## WORK REQUIRED
No pictures go in the copy; retype exactly the lines from the one with "Disney Princess Small" through the last line of the records.

## Items from a dataset
··········

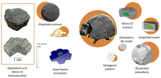 In virtual palaeontology, an additional interesting tool is the use of additive manufacturing, including 3D printing, which could also be a pivotal instrument to characterise and replicate structures for future Paleomimetic transfers [,]. Three-dimensional printing is based on a computer-controlled process creating volumetric objects by depositing layers of material []. This process is generally flexible and allows the fabrication of a CAD model with good resolution and control on the resulting geometric shape []. Digital models of fossil entities obtained from the photogrammetric, light, and CT scan reconstructions can be 3D printed, creating physical models that can be scaled, observed, and/or tested, allowing an in-depth analysis of morphological and structural details. In this regard, an interesting example is the study of Glyptodon (early Miocene–Late Pleistocene), extinct mammals of the Cingulata order, which includes modern armadillos [] (Figure 3). Glyptodon carapace consisted of osteoderms with a lattice core sandwiched between two compact layers. Starting from a micro-CT, the structure was reconstructed and recreated in simplified, reverse-engineered models. These models were 3D printed and tested by varying lattice and shell parameters. Results demonstrated that shell thickness was optimised compared to lattice density and lattice strut thickness []. Three-dimensional printing is useful not only for the study of extinct and existent organisms, but also for the opportunities to mimic their complex multiscale, multimaterial, and multifunctional structures []. Recent advances in material, process, and instrumental developments have enabled the evolution of additive manufacture processes to evolve from prototyping to manufacturing. Accordingly, numerous 3D-printed biomimetic materials, structures, and devices inspired by organismal design with mechanical, optical, electric, interactive, and adaptive properties have been developed. Fascinating examples are reported in the review elaborated by Yang et al. [] and du Plessis et al. [], in which they provide examples of recent progress and different forms of biomimetic engineering now possible using these technologies.
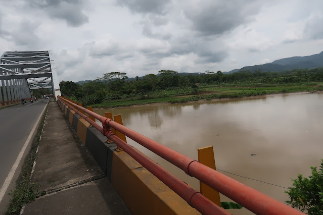 Ow yeah! Akhirnya kendaraan diinggirin dulu, sembari nunggu aku balik ke jembatan buat menangkap moment keindahan jembatan di Sungai Serayu di atas matahari jem 12 'teng'. Sungainya jerniiih banget. Dari kejauhan tampak pegunungan yang menjulang tinggi seperti menyentuh dengan langit. Angin pun semilir berhembus menyentuh pipiku.
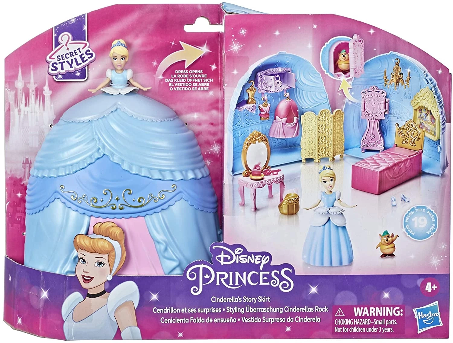 Disney Princess Small Doll Cinderella Story Skirt Ανακαλύψτε έναν κρυφό κόσμο μόδας και διασκέδασης με την Disney Princess Secret Styles Fashion Surprise Cinderella. Αυτή η κούκλα Disney Princess 8,4 εκατοστών έρχεται σε μια μεγάλη φούστα που ανοίγει για να αποκαλύψει ένα γκαρνταρόμπα μέσα, με καθρέφτη. Τα παιδιά μπορούν να ντύσουν…
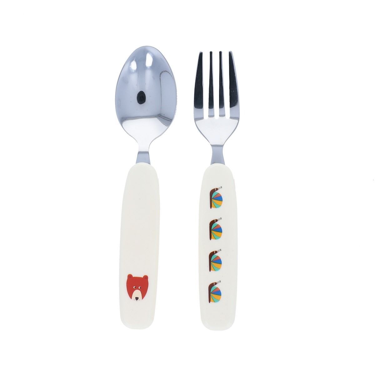 Ce set de couverts comprend une cuillère et une fourchette joliment décorées d'animaux de la forêt. Très pratique, la boîte permet de les emporter partout et de les garder toujours propres.
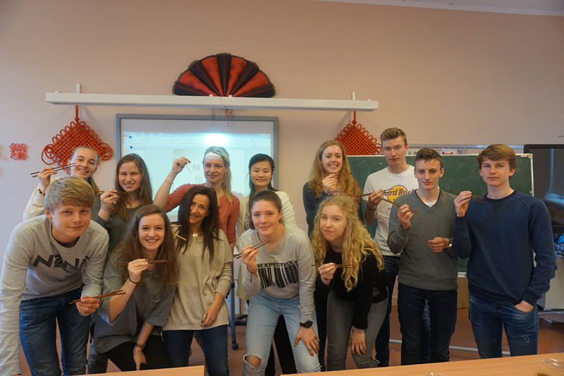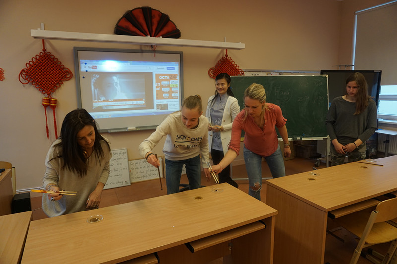 文化日由比利时师生的筷子文化课拉开序幕。一年一度的比利时师生交换访问团再一次来到里加文化中学,这也是比利时师生第三次造访孔子课堂了,由于之前两次受到访问师生的广泛好评,孔子课堂的汉语课已成为里加文化中学接待外国访问团的名片课程。这一次体验课由汉语的基本会话开始,不一会儿,在孔子课堂老师的引导下,十二名汉语零基础的比利时师生就会说“你好”、“谢谢”和“再见”了;之后,老师由一条谜语引出筷子的文化专题,用一道道生动活泼的问题将学生带入筷子的奇妙世界。在学生基本了解了筷子的文化背景和使用方法后,十二名师生分成三组开始了筷子夹瓜子的接力比赛,师生们在争分夺秒的游戏中结束了这堂中国文化体验课。值得一提的是,当日在课下与汉语老师相遇的学生们已经会用标准的“你好”打招呼了,这也可谓是孔子课堂为他们埋下了解中国了解汉语的种子。
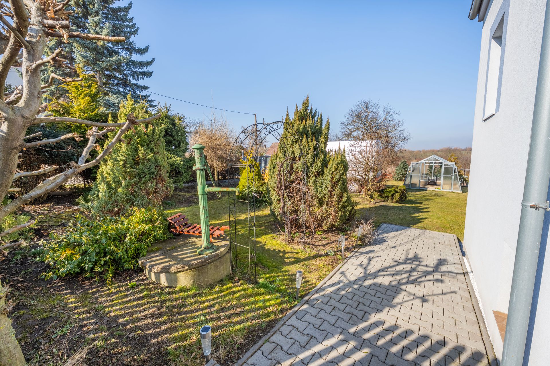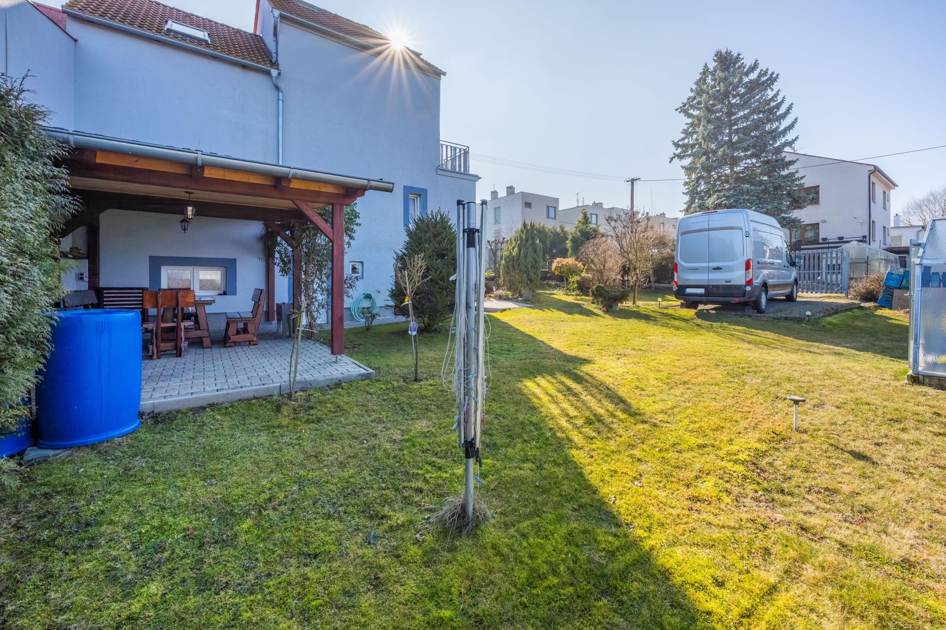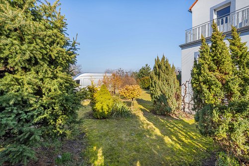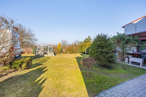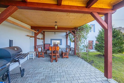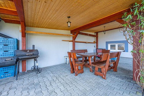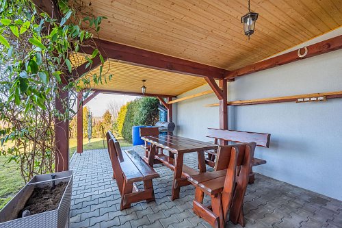 Zahrada umístěná za domem Vám poskytne příjemné soukromí a je zde i přístřešek s posezením pro setkání s přáteli, třeba i s grilováním.

··········

## RESULT BELOW
 Disney Princess Small Doll Cinderella Story Skirt Ανακαλύψτε έναν κρυφό κόσμο μόδας και διασκέδασης με την Disney Princess Secret Styles Fashion Surprise Cinderella. Αυτή η κούκλα Disney Princess 8,4 εκατοστών έρχεται σε μια μεγάλη φούστα που ανοίγει για να αποκαλύψει ένα γκαρνταρόμπα μέσα, με καθρέφτη. Τα παιδιά μπορούν να ντύσουν…
 Ce set de couverts comprend une cuillère et une fourchette joliment décorées d'animaux de la forêt. Très pratique, la boîte permet de les emporter partout et de les garder toujours propres.
 文化日由比利时师生的筷子文化课拉开序幕。一年一度的比利时师生交换访问团再一次来到里加文化中学,这也是比利时师生第三次造访孔子课堂了,由于之前两次受到访问师生的广泛好评,孔子课堂的汉语课已成为里加文化中学接待外国访问团的名片课程。这一次体验课由汉语的基本会话开始,不一会儿,在孔子课堂老师的引导下,十二名汉语零基础的比利时师生就会说“你好”、“谢谢”和“再见”了;之后,老师由一条谜语引出筷子的文化专题,用一道道生动活泼的问题将学生带入筷子的奇妙世界。在学生基本了解了筷子的文化背景和使用方法后,十二名师生分成三组开始了筷子夹瓜子的接力比赛,师生们在争分夺秒的游戏中结束了这堂中国文化体验课。值得一提的是,当日在课下与汉语老师相遇的学生们已经会用标准的“你好”打招呼了,这也可谓是孔子课堂为他们埋下了解中国了解汉语的种子。
 Zahrada umístěná za domem Vám poskytne příjemné soukromí a je zde i přístřešek s posezením pro setkání s přáteli, třeba i s grilováním.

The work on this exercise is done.